§ EXERCISE GOAL:
Reproduce only the lines below from the line containing "Stadtwerke Münster, based" to the line containing "Em diligências no", exactly as written, with both end lines kept. Omit the pictures.

§ DATA TO USE:
== Segment start ==

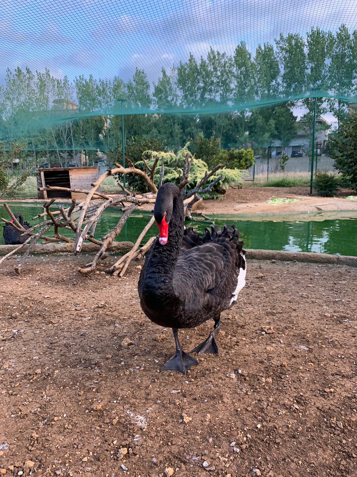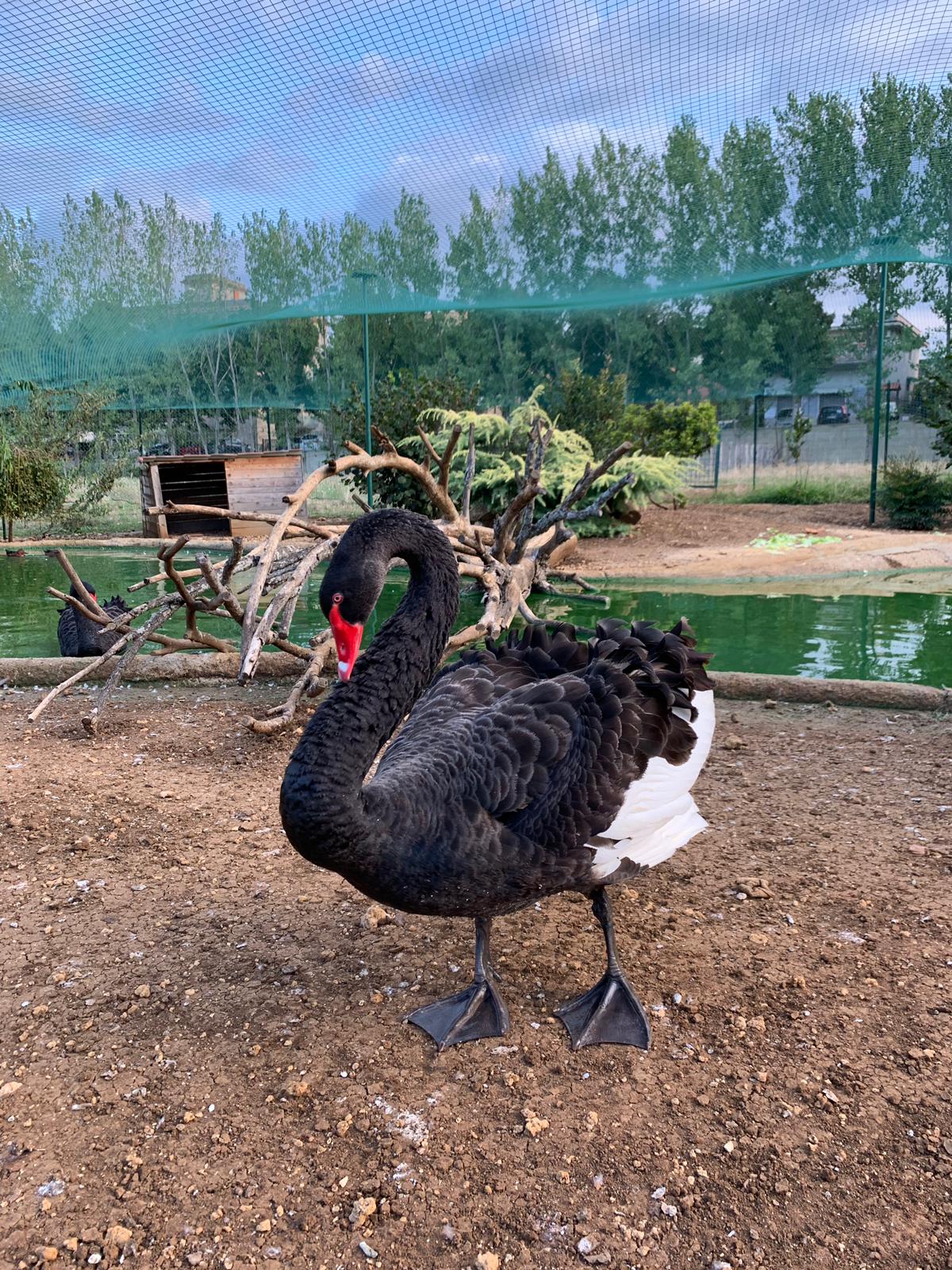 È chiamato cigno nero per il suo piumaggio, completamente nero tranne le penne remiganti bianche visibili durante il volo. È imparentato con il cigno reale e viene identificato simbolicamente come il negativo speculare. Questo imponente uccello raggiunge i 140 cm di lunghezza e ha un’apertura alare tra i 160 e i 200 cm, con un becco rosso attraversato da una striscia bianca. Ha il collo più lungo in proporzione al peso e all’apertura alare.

== Segment end ==
== Segment start ==

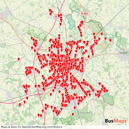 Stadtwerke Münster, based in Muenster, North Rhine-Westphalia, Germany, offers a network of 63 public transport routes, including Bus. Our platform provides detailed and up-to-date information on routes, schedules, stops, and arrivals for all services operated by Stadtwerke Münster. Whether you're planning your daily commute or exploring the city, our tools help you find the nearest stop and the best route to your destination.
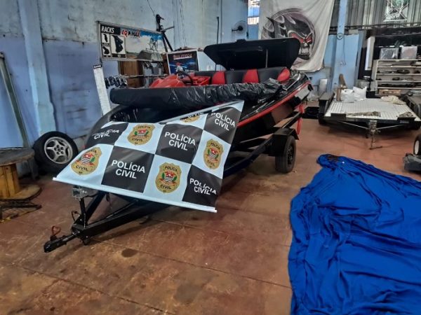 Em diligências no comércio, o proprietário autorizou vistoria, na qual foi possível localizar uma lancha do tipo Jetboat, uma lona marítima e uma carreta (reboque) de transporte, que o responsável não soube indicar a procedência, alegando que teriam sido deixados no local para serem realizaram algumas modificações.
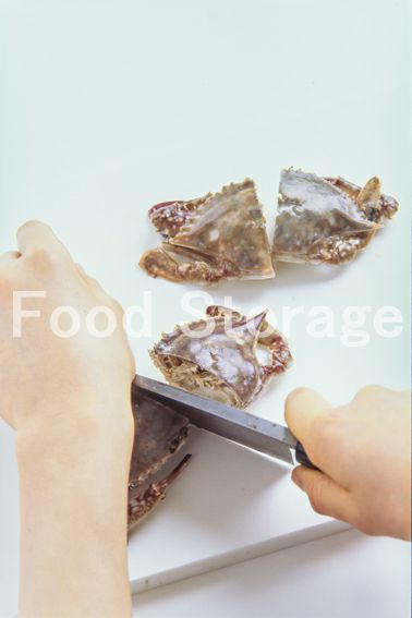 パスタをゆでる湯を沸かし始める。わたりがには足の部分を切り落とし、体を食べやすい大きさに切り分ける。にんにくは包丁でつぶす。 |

== Segment end ==
== Segment start ==

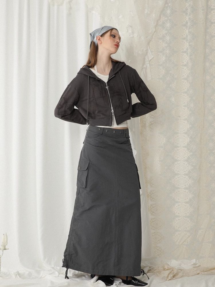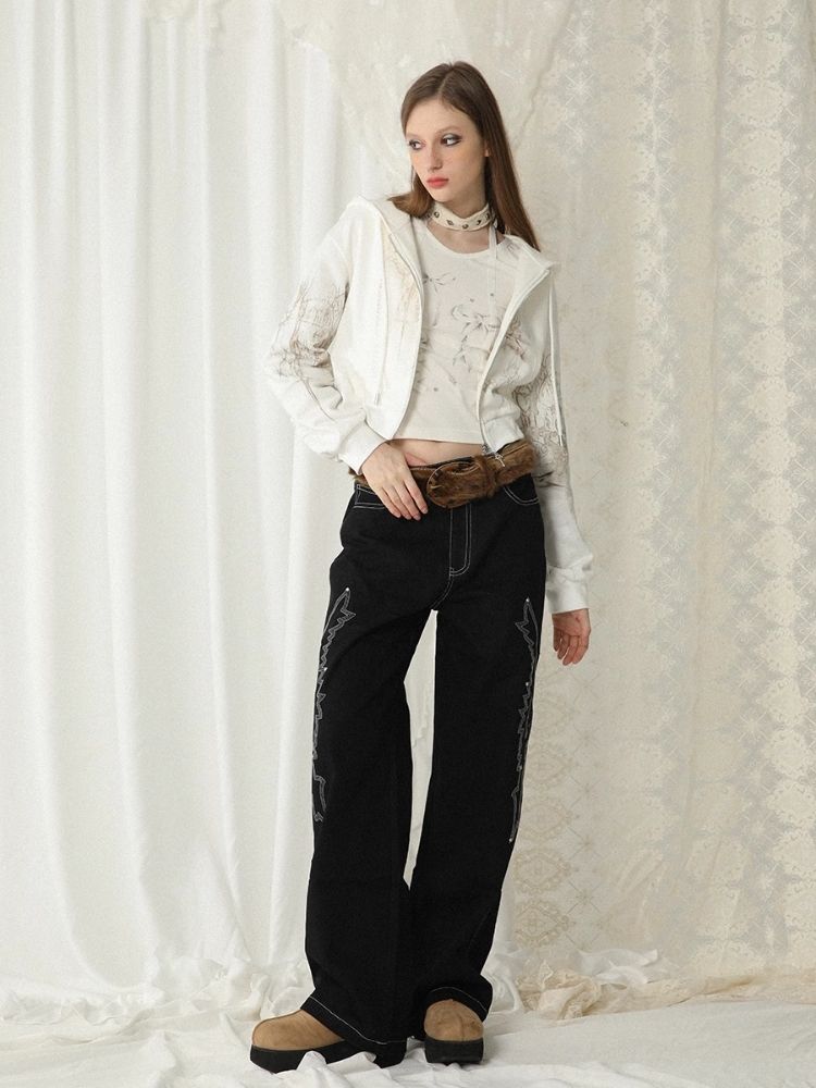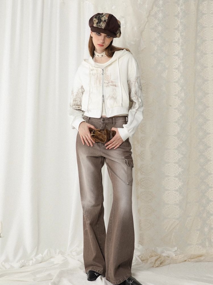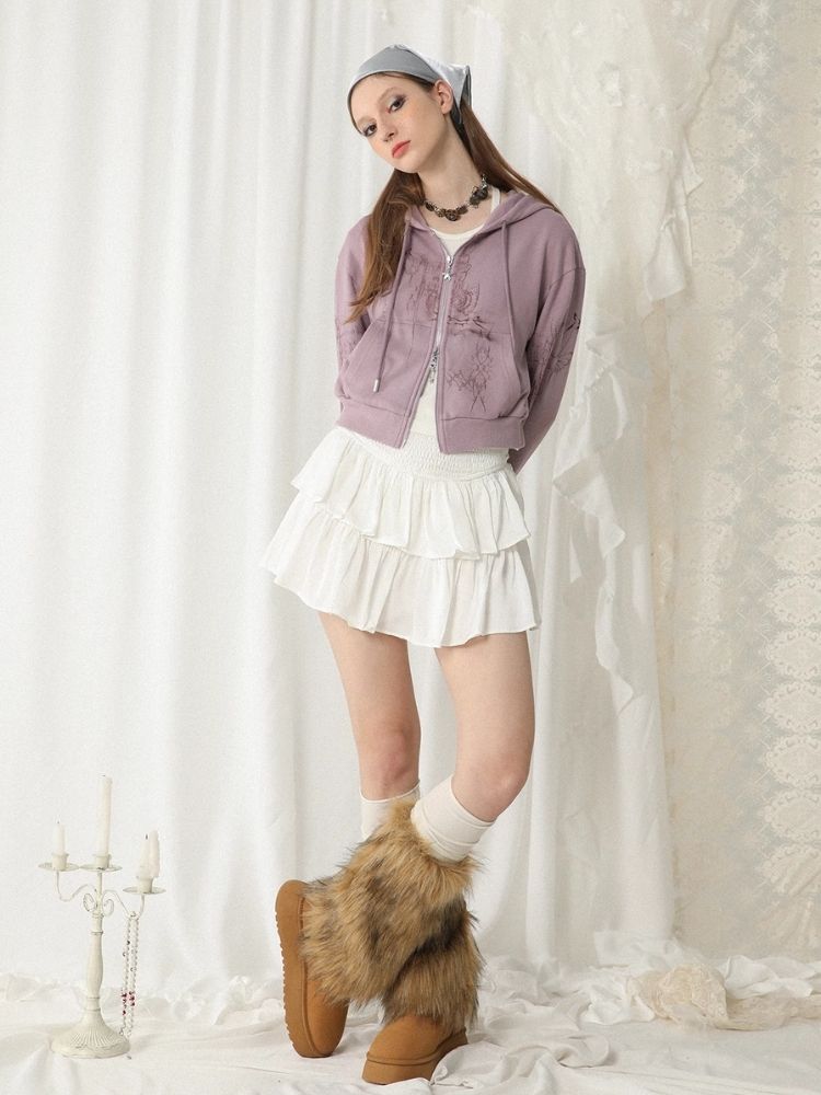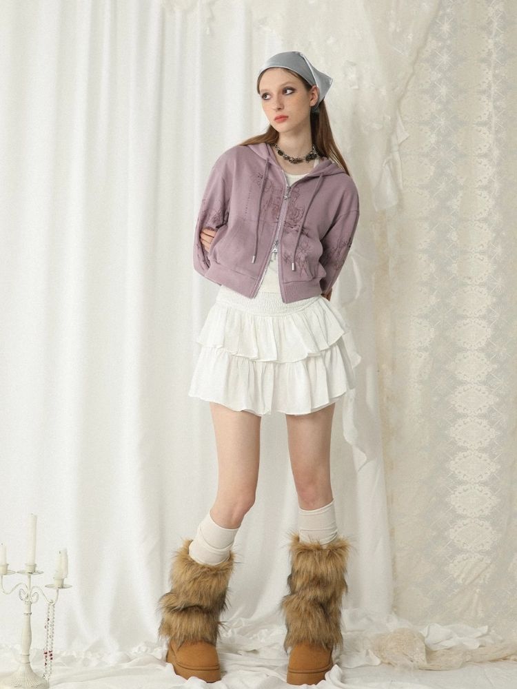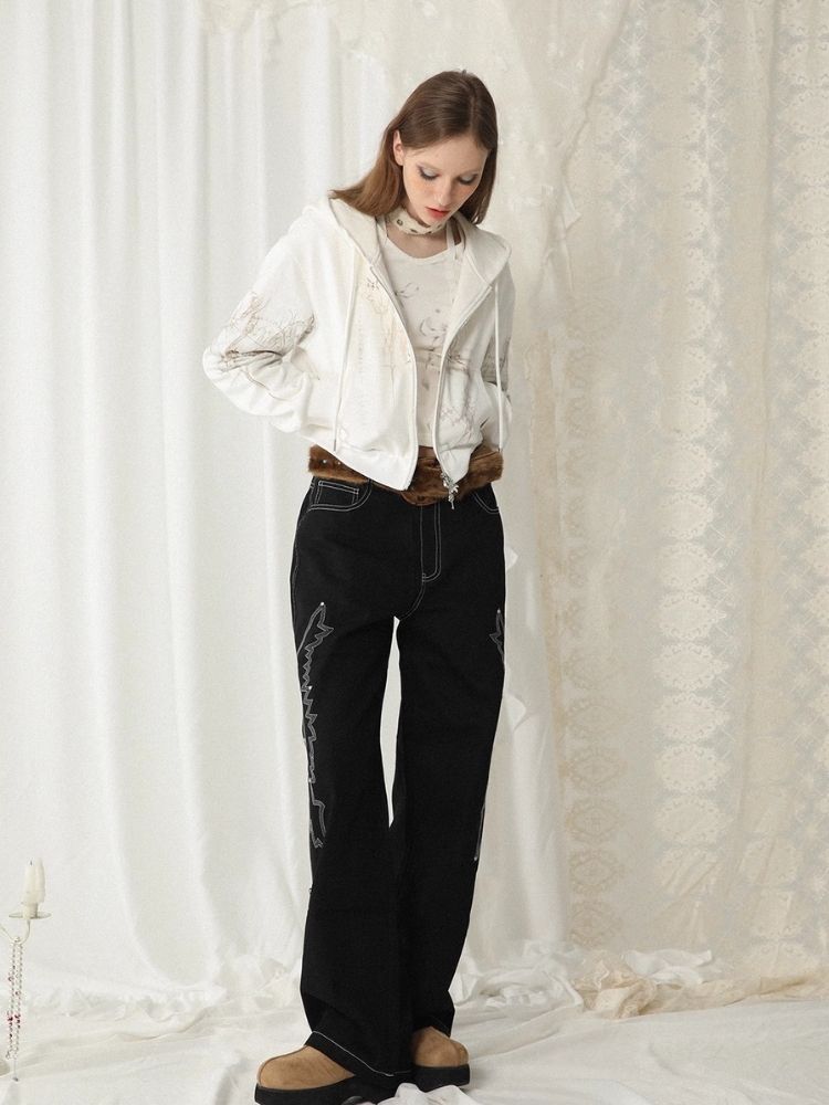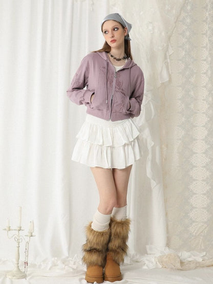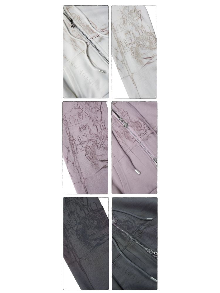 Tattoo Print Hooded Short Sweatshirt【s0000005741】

== Segment end ==

§ ANSWER TO THE PROBLEM:
 Stadtwerke Münster, based in Muenster, North Rhine-Westphalia, Germany, offers a network of 63 public transport routes, including Bus. Our platform provides detailed and up-to-date information on routes, schedules, stops, and arrivals for all services operated by Stadtwerke Münster. Whether you're planning your daily commute or exploring the city, our tools help you find the nearest stop and the best route to your destination.
 Em diligências no comércio, o proprietário autorizou vistoria, na qual foi possível localizar uma lancha do tipo Jetboat, uma lona marítima e uma carreta (reboque) de transporte, que o responsável não soube indicar a procedência, alegando que teriam sido deixados no local para serem realizaram algumas modificações.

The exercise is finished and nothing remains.